The use of bioindicators for estrogen effects has been spreading in toxicological studies. Several transgenic lines showing estrogen effects have also been produced from zebrafish, of which vtg:1mCherry was used in our studies. The method described here illustrates a possible protocol for the testing of embryos of this line, in order to allow in vivo detection of estrogen activity in case of pure agents.

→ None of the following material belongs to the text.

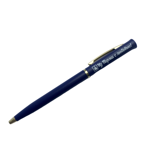 Лёгкая и изящная ручка! Цвет пасты синий, поворотный механизм. Выглядит классно, стоит недорого! Практичный сувенир из Перми по приятной цене! 👍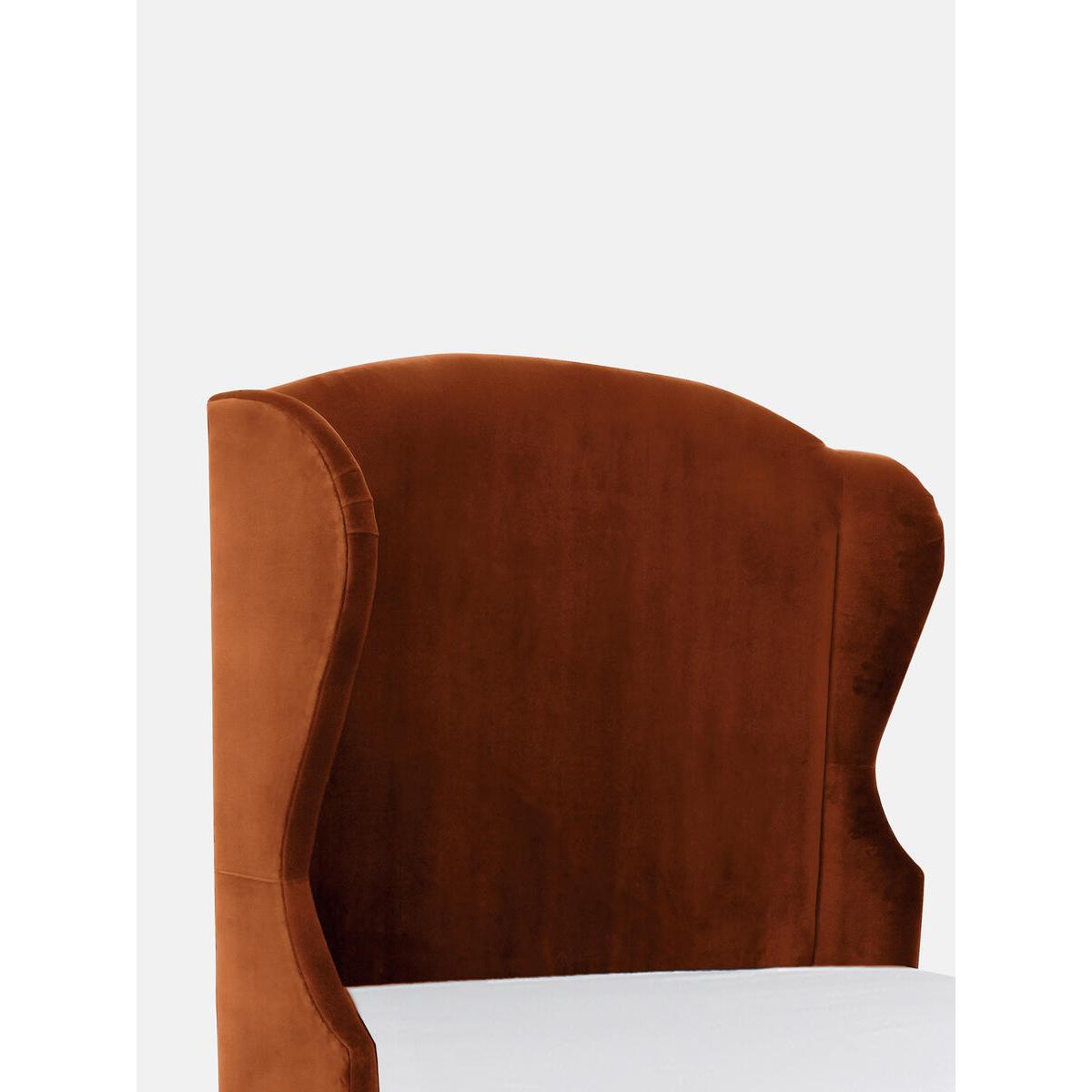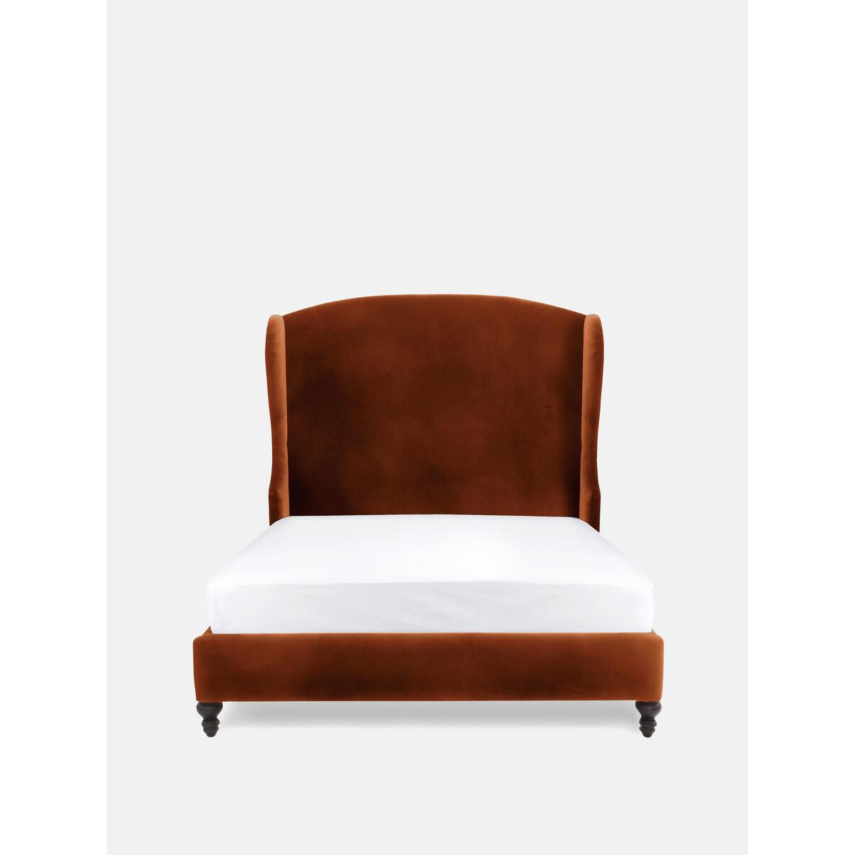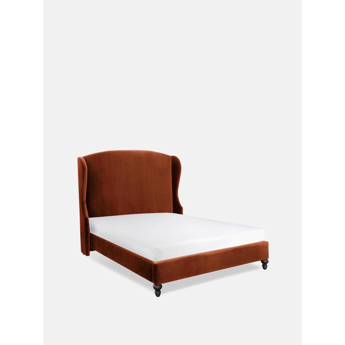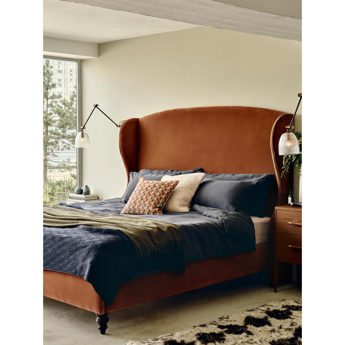 Our upholstered Rivas bedstead is inspired by the beds in the Marina and Corner bedrooms in Soho House Barcelona, where it's madeup with crisp white Frette bed linen and topped with a stripymonochrome throw. Velvet upholstered winged bedstead. Bedstead includes headboard, frame and slats. Mattress is not included and can be purchased separately. Hand made in the UK by skilled craftsmen. Inspired by the beds in the bedrooms at Soho House Barcelona.

It is important to mention that in the case of embryos, the expression of the transgene, similarly to the production of endogenous vitellogenin, shows a large dispersion, and differences in individual sensitivity should be taken into account when designing experiments. An important aspect in determining treatment concentrations is that cells of embryos, including liver cells, can be damaged by higher concentrations of highly toxic substances, which can lead to a decline in vitellogenin induction. Therefore tests should be performed at concentrations below L-C 10.

This protocol can be altered in many points according to the planned test endpoints, and to the samples which are going to be tested. It can be completed with other test methods, for example molecular methods. Thus, we hope that the use of the vtg:1mCherry line will appear as a model of estrogenicity tests and may also may be a model for standardized testing methods.